◆ EXERCISE INPUT:

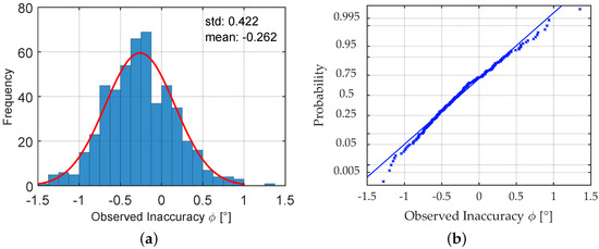 (a) Histogram of the evaluated angle of misalignment from a sample of size 500; (b) normal probability plot of the observed inaccuracy from misalignment.
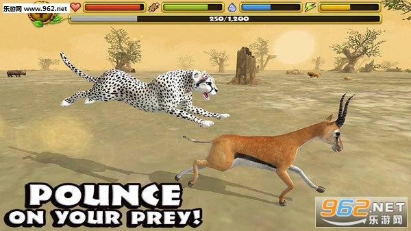 在这款游戏里玩家将扮演非洲草原里的动物,一共有十种动物供你选择,即可以选择猎豹鳄鱼疯狂猎杀(小心被反杀),也可以选择大象羚羊过过食草动物的悠哉生活(注意躲开食肉动物)。游戏中还有个老虎作为boss可供你挑战(非洲应该没有老虎吧)。你还可以组成自己的动物家庭,养育自己的孩子。
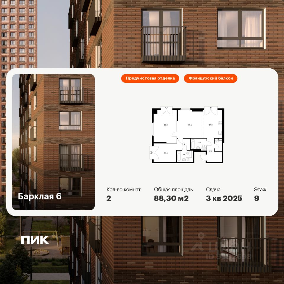 Продаётся 2-комн. квартира площадью 88,3 кв.м на 9 этаже 32 этажного дома (Корпус 6, Секция 1) проекта ПИК Барклая 6. Светлый просторный подъезд на уровне земли, функциональная планировка, большие окна, предчистовая отделка.
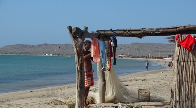 Ici tout fonctionne avec des groupes électrogènes alors qu’à 1km les éoliennes tournent et retournent mais c’est pour la ville. Rien n’est prévu pour la population très pauvre de la Guajira. Un allemand a installé ici une école de kite surf et visiblement c’est une affaire qui marche.
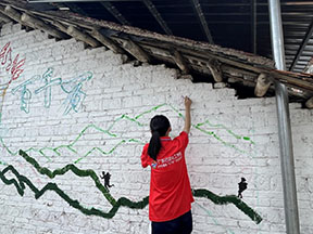 圖為油你成蔭實踐團成員正揮動畫筆,為潔白的墻面添色彩。李鑫 攝
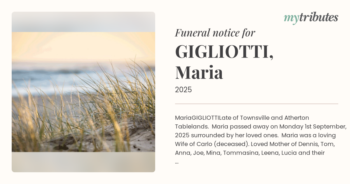 Late of Townsville and Atherton Tablelands. Maria passed away on Monday 1st September, 2025 surrounded by her loved ones. Maria was a loving Wife of Carlo (deceased). Loved Mother of Dennis, Tom, Anna, Joe, Mina, Tommasina, Leena, Lucia and their Families.
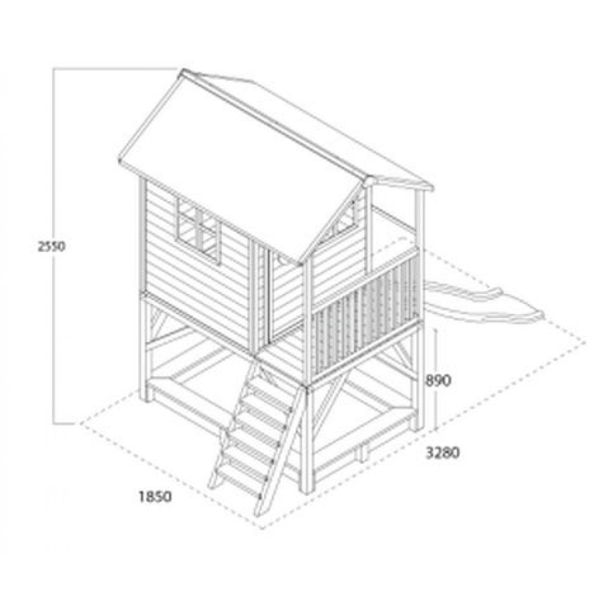 Obří dřevěný domeček na stojnách s verandou, skluzavkou a pískovištěm. Je vyroben ze suchého cedrového dřeva, které zaručuje vysokou odolnost. Ti nejmladší si mohou hrát dole na pískovišti, zatímco ti starší si hrají nahoře v domečku.
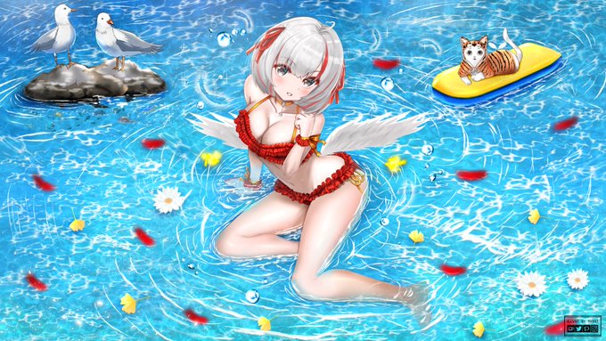 Do you wanna swim with me? It's warm here!! -Aozora Kurumi👧🏺👙 Art commish by @/AL88MZ 🖌️ Submission for the Aozora Kurumi fan art contest #KurumINK #fanart #Illustrations #VtuberEN #ENVtuber #AozoraKurumi #青空くるみ #アート #女の子 #イラスト好きな人と繋がりたい
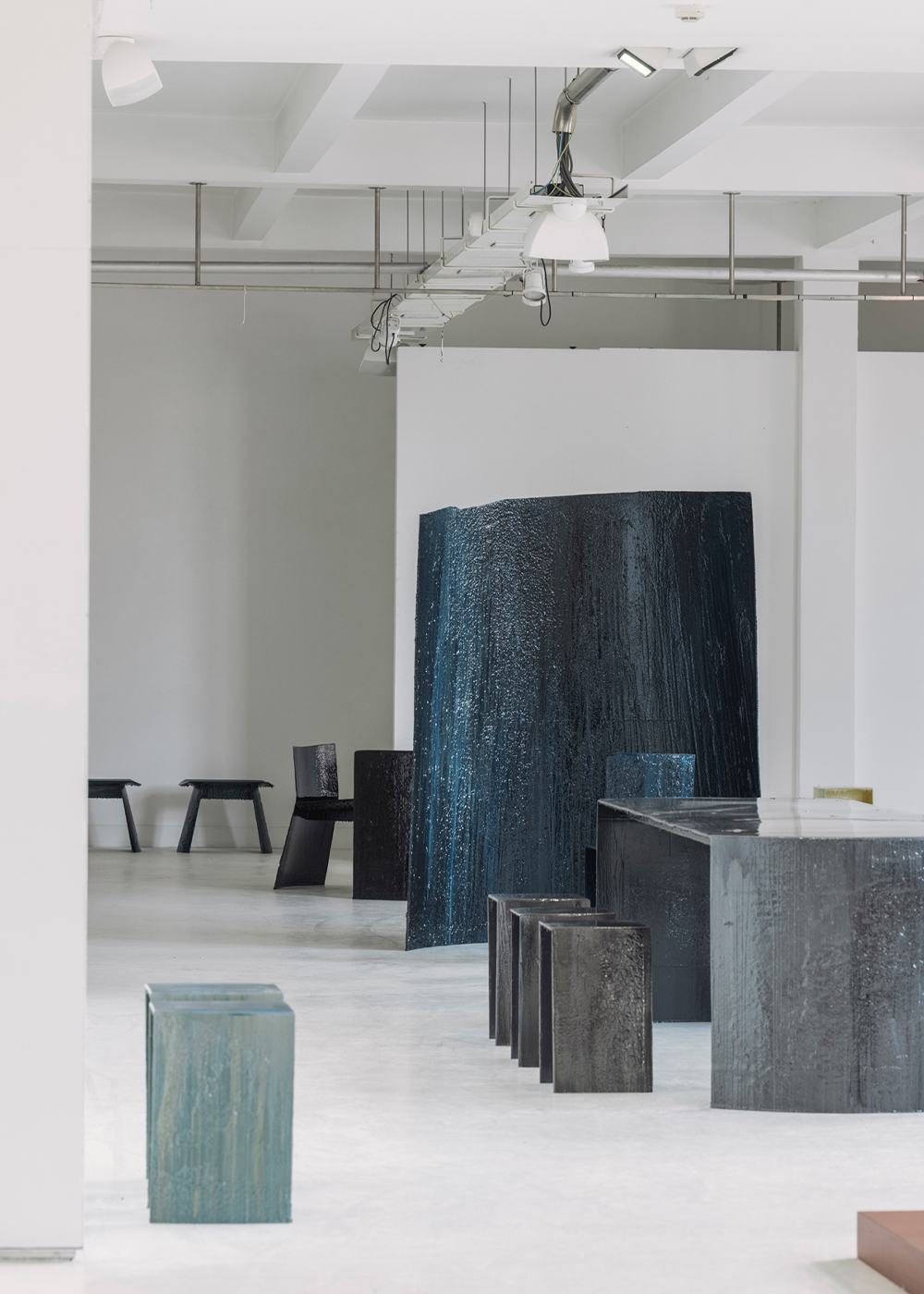 Terra Atlas is a poetic mapping of what lies beneath. Middennacht & Alexander unearth forgotten materials—buried oil tanks, corroded metals, remnants of earth and ice—and fit them into the light. What was once discarded and contaminated is not erased, but transformed; preserved in translucent layers of epoxy, reshaped into functional objects that are also sculptural relics.
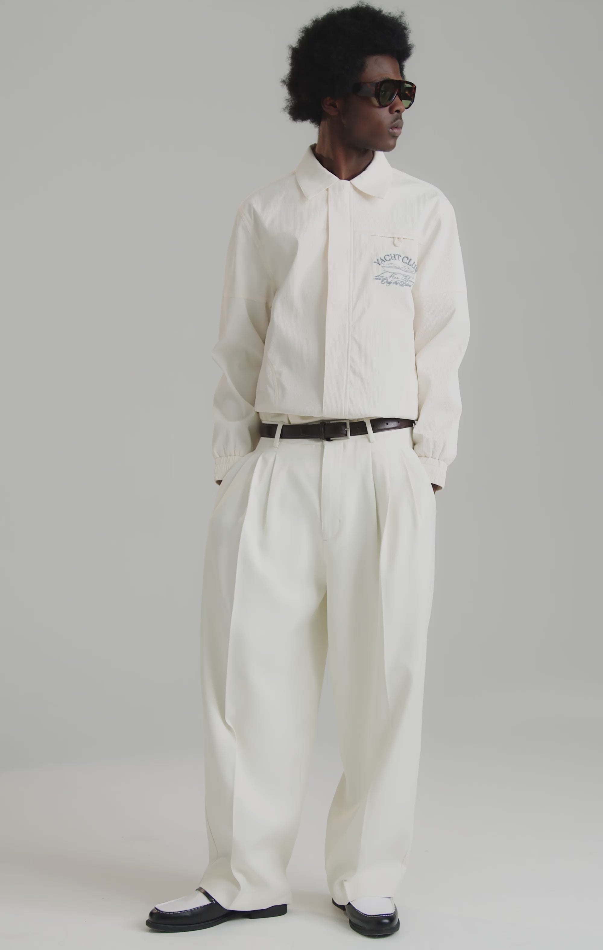 Crafted in an elevated off-white fabric with a subtle ribbed texture, this jacket combines relaxed structure with refined detailing. The silhouette features a sharp collar, concealed front zip fastening, elasticated cuffs and hem, and clean welt pockets, balancing tailoring with effortless coastal ease.
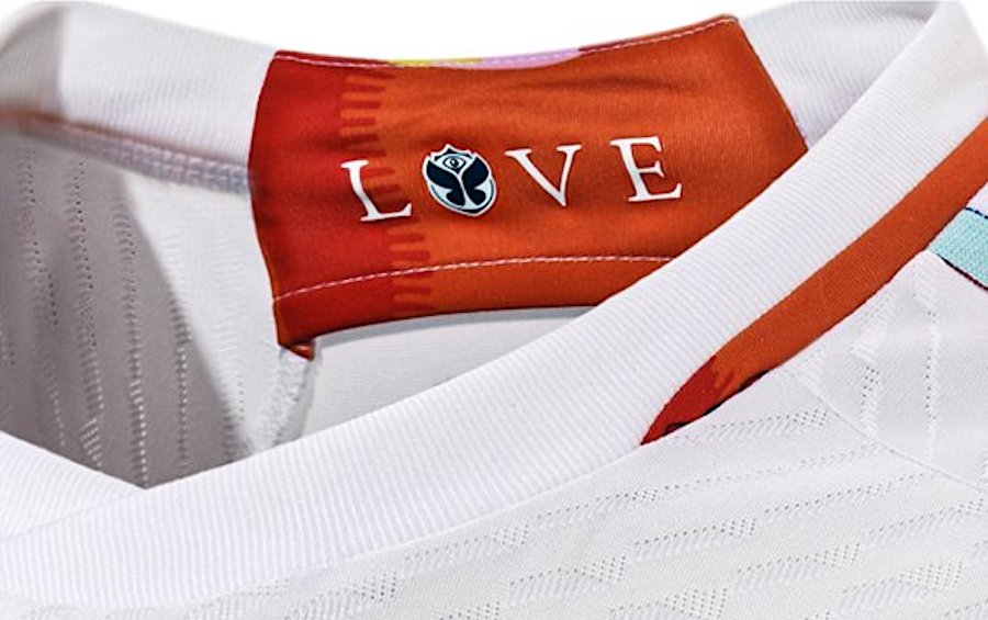 Aan de binnenkant van het uitshirt staat in de nek het woord 'LOVE' en daar is de FIFA niet gelukkig mee. België mag alleen met het shirt spelen als dat woord met een sticker is afgeplakt. Het woordje is een verwijzing naar Tomorrowland, het festival dat meewerkte aan het ontwerp van de tenues en dat mag niet volgens de reclameregels van de FIFA.
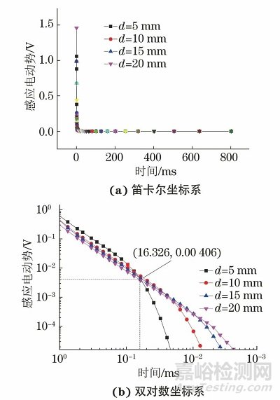 針對(duì)不同厚度的試件展開試驗(yàn),分析不同壁厚對(duì)信號(hào)的影響。設(shè)置激勵(lì)電流為1 A,激發(fā)頻率為1/4 Hz,試件距離傳感器垂直高度為100 mm。對(duì)試驗(yàn)數(shù)據(jù)進(jìn)行坐標(biāo)變換,將笛卡爾坐標(biāo)系變換成雙對(duì)數(shù)坐標(biāo)系后,可明顯看出檢測(cè)信號(hào)在t<16.326 ms時(shí)數(shù)據(jù)重合,在t>16.326 ms時(shí)出現(xiàn)了明顯的分叉,如圖4所示。檢測(cè)結(jié)果表明電磁法檢測(cè)金屬管道缺陷具有可行性。
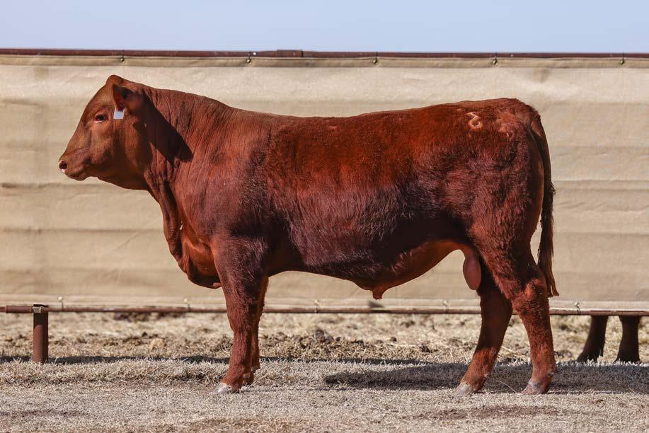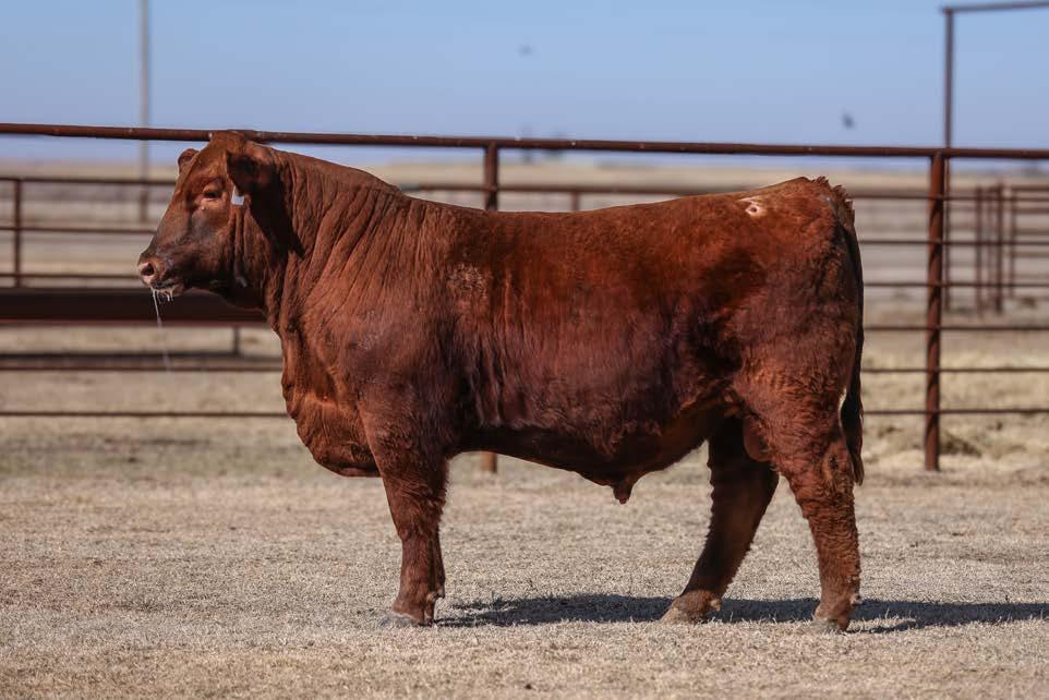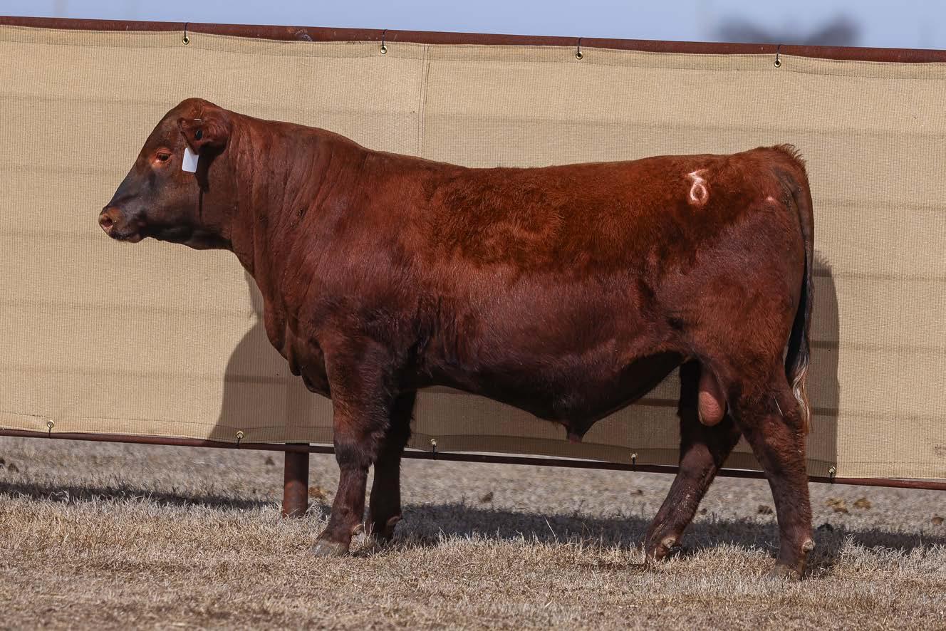 Really stout made and powerful. A strong maternal bull with added growth out of a Premier cow. Low maintenance type. Keep all of his heifers.
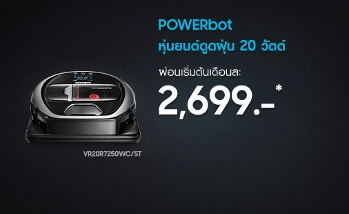 POWERbot การทำความสะอาดที่เหนือธรรมดา หุ่นยนต์ดูดฝุ่น ดูดและถูได้ในครั้งเดียว พลังแรงดูด 20 วัตต์ ทำความสะอาดได้อย่างหมดจด ผ่อนเริ่มต้นเดือนละ 2,699 บาท นาน 10 เดือน
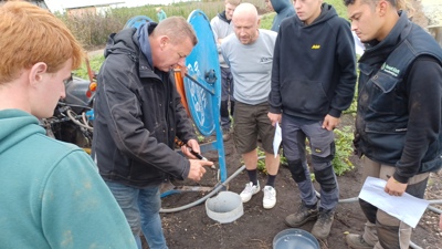 Na de theorie over de aanleg en onderhoud van het drainagesysteem zijn de deelnemers met een opdracht naar een nabijgelegen kwekerijperceel gegaan om in tekening aan te geven hoe het drainagesysteem was aangelegd. Vervolgens werd een demonstratie van doorspuiten van een drainagebuis gegeven. Het tweede deel van het programma ging over de grondbewerking waarbij is ingegaan op diverse machines, die binnen de boomkwekerij worden gebruikt, zowel via filmpjes als de aanwezige machines op het bedrijf. Naast de werkwijze en werking van de machines kwam hier ook het dagelijks onderhoud aan bod.
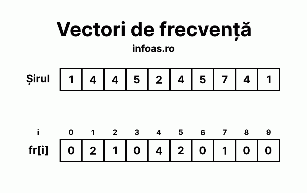 Vectorul de frecvență este un vector care reține numărul de apariții al fiecărei valori dintr-un șir. Mai exact, un astfel de vector de apariții ne ajută să determinăm pentru orice valoare, de câte ori apare în șirul nostru (chestie care ne poate ajuta în cazul unor probleme mai dificile).
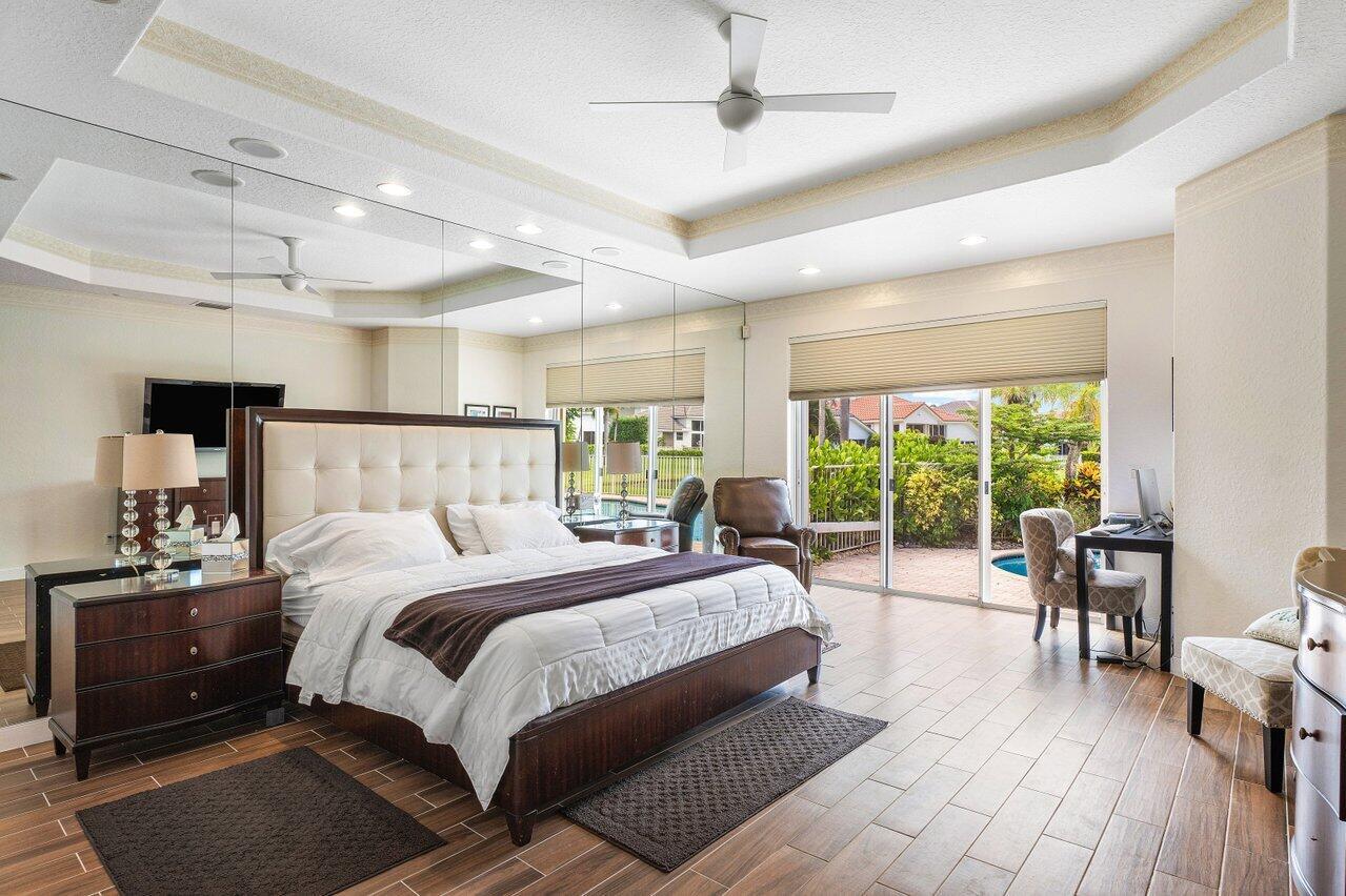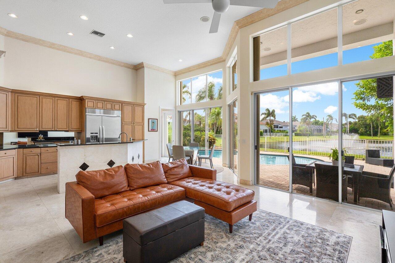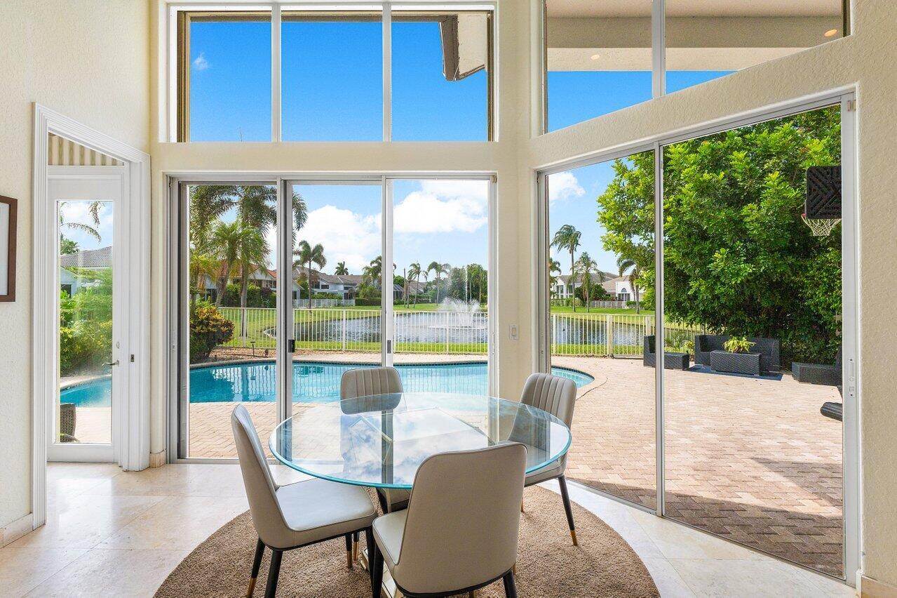 Beautiful 4 BD / 4.5 BA / 3,681 SF + Office home situated on a gorgeous lake in Regents Circle at Woodfield Country Club. An abundance of natural light from massive, floor-to-ceiling windows and sliding doors make for impeccable views of the lake. The backyard is complete with gorgeous pool, covered patio, and plenty of space for entertaining. Downstairs features an office as well as the primary bedroom with backyard entry. There are three bedrooms upstairs, two of which have en-suite bathrooms. This home graciously mixes peaceful enjoyment with panoramic views.

◆ PROBLEM DESCRIPTION:
Return only the lines running from the start of the entries above to the line that contains "圖為油你成蔭實踐團成員正揮動畫筆,為潔白的墻面添色彩。李鑫 攝", inclusive, and omit every picture.

◆ RESPONSE TO THE EXERCISE:
 (a) Histogram of the evaluated angle of misalignment from a sample of size 500; (b) normal probability plot of the observed inaccuracy from misalignment.
 在这款游戏里玩家将扮演非洲草原里的动物,一共有十种动物供你选择,即可以选择猎豹鳄鱼疯狂猎杀(小心被反杀),也可以选择大象羚羊过过食草动物的悠哉生活(注意躲开食肉动物)。游戏中还有个老虎作为boss可供你挑战(非洲应该没有老虎吧)。你还可以组成自己的动物家庭,养育自己的孩子。
 Продаётся 2-комн. квартира площадью 88,3 кв.м на 9 этаже 32 этажного дома (Корпус 6, Секция 1) проекта ПИК Барклая 6. Светлый просторный подъезд на уровне земли, функциональная планировка, большие окна, предчистовая отделка.
 Ici tout fonctionne avec des groupes électrogènes alors qu’à 1km les éoliennes tournent et retournent mais c’est pour la ville. Rien n’est prévu pour la population très pauvre de la Guajira. Un allemand a installé ici une école de kite surf et visiblement c’est une affaire qui marche.
 圖為油你成蔭實踐團成員正揮動畫筆,為潔白的墻面添色彩。李鑫 攝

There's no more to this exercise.